The pictures in this post* are of the headstone of Matthew Starbuck, who was born in Stokes County, North Carolina, on 11 Apr 1830.
Matthew was the son of William Starbuck and Mary Hester. He married Jane Fulp (daughter of Franklin Fulp) and the couple moved from North Carolina to Indiana before finally settling in Cumberland County, Illinois in the early 1860's. Matthew joined up in the Civil War and served in Company A of the 5th IL Cavalry. He and Jane had nine living children before Jane's death in 1866.
Meanwhile, by 1859 Asbury Taylor Browning and his wife Minerva Corderman (the daughter of David Corderman and Sarah Viola Barron) had also moved to Cumberland County with their three living children -- Charles, Sarah and Emma. Asbury also joined up for service in the Civil War and served in the same company that Matthew Starbuck did. Alas, Asbury died in Arkansas of smallpox in 1862, leaving Minerva a widow.

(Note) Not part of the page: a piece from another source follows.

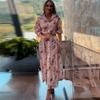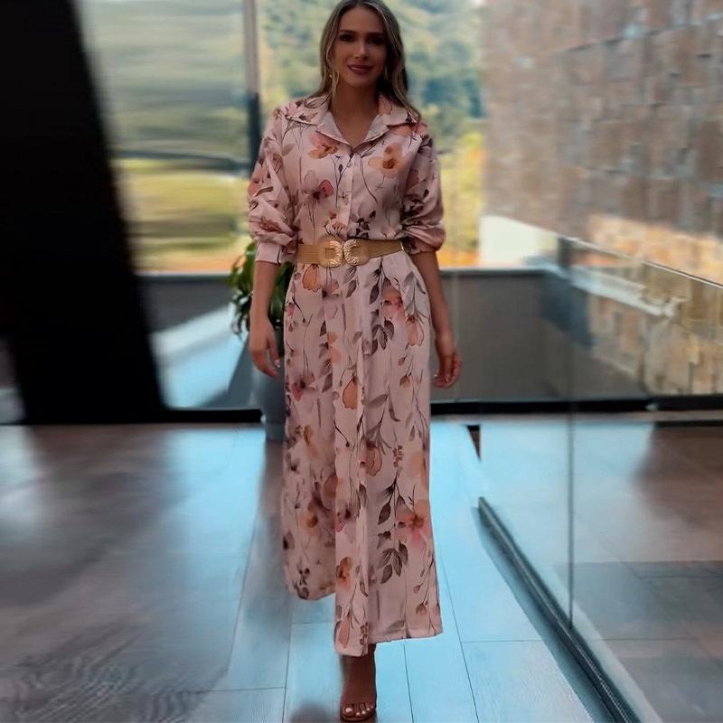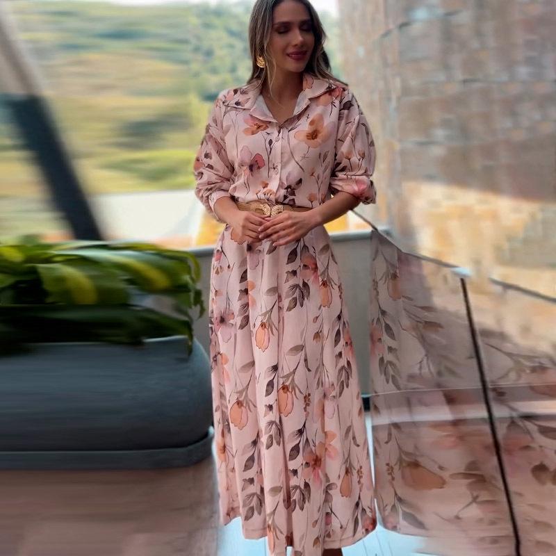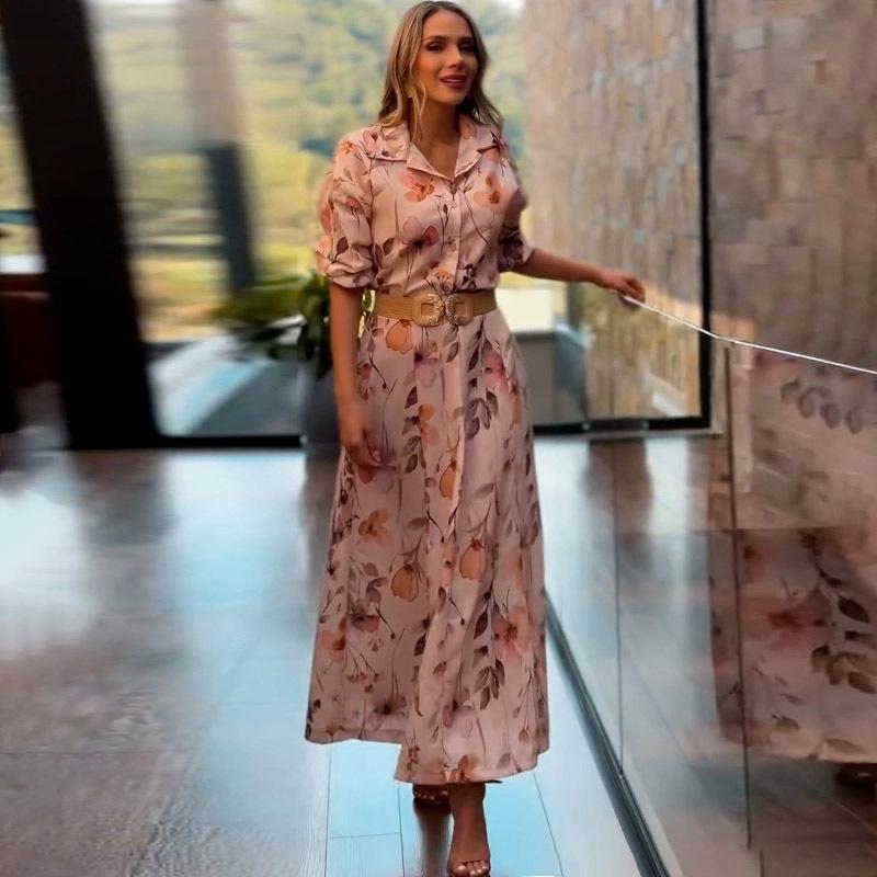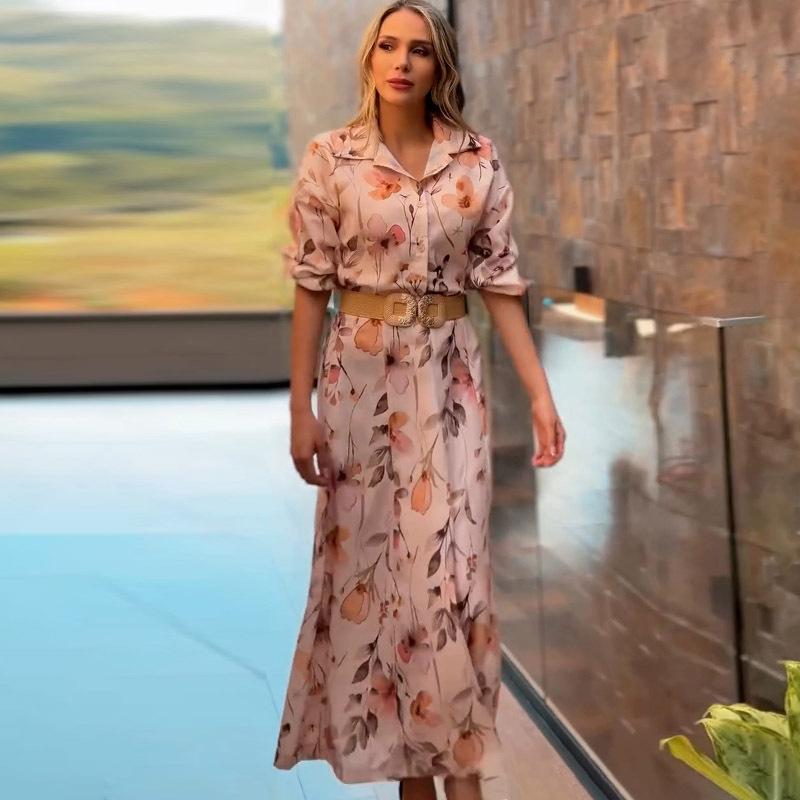 Vestido camisero con cinturón para mujer, estampado a la moda, ajustado, con cintura, para verano, Amazon 2025, Europa y Estados Unidos, transfronterizo

I can't say for certain but it might be safe to assume that Matthew got to know Minerva and her children because of his acquaintanceship with Asbury before the latter's death. Perhaps the two men were even friends. In late December of 1867 (a little over a year after the death of his first wife) Matthew and Minerva married.
In the early spring of 1867 Minerva had applied for a widow's pension for herself and a minor's pension for her children. By 1868, however, she and Matthew Starbuck had been married so she applied for and received guardianship papers as well.
(It seems strange that Minerva -- their mother! -- would need to obtain guardianship papers. I'm curious why this is so. Since she was married again, did she think she needed a paper saying SHE was guardian of their persons and properties and not her new husband? Comments or thoughts would be welcome.)
Matthew and Minerva had one child of their own -- David Clinton Starbuck, born 1871 -- before Minerva died in 1873. Matthew married one more time, to Ellen Cook around the year 1875 or so. (I don't know the dates for sure since Cumberland County records from 1843-1885 were lost in a fire.) Matthew then moved to Benton County, Arkansas and lived out the rest of his days there. He died in 1902 and is buried in the Gamble Cemetery in Centerton in Benton County.